* **WORK REQUIRED**: Two lines mark the range in the entries below: the one holding "共有したいのは、まずは人の動" and the one holding "- Площадь23,5 м2". Set down those two and all lines between them, exactly.

* **STORED DATA**:
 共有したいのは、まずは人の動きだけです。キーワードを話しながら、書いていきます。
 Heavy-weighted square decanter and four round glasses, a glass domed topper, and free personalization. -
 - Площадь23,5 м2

==

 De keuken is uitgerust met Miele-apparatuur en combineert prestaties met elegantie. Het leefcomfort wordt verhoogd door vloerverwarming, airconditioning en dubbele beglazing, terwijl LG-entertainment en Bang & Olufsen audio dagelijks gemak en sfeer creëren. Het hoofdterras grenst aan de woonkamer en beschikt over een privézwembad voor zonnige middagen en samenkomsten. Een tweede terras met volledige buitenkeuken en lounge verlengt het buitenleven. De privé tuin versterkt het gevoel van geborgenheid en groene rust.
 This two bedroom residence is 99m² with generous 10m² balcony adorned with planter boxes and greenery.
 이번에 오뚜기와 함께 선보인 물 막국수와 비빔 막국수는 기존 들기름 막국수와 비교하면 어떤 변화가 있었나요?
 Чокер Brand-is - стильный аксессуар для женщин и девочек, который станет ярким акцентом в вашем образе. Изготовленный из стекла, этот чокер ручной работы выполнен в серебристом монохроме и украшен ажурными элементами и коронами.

* **ANSWER FOR THE TASK**:
 共有したいのは、まずは人の動きだけです。キーワードを話しながら、書いていきます。
 Heavy-weighted square decanter and four round glasses, a glass domed topper, and free personalization. -
 - Площадь23,5 м2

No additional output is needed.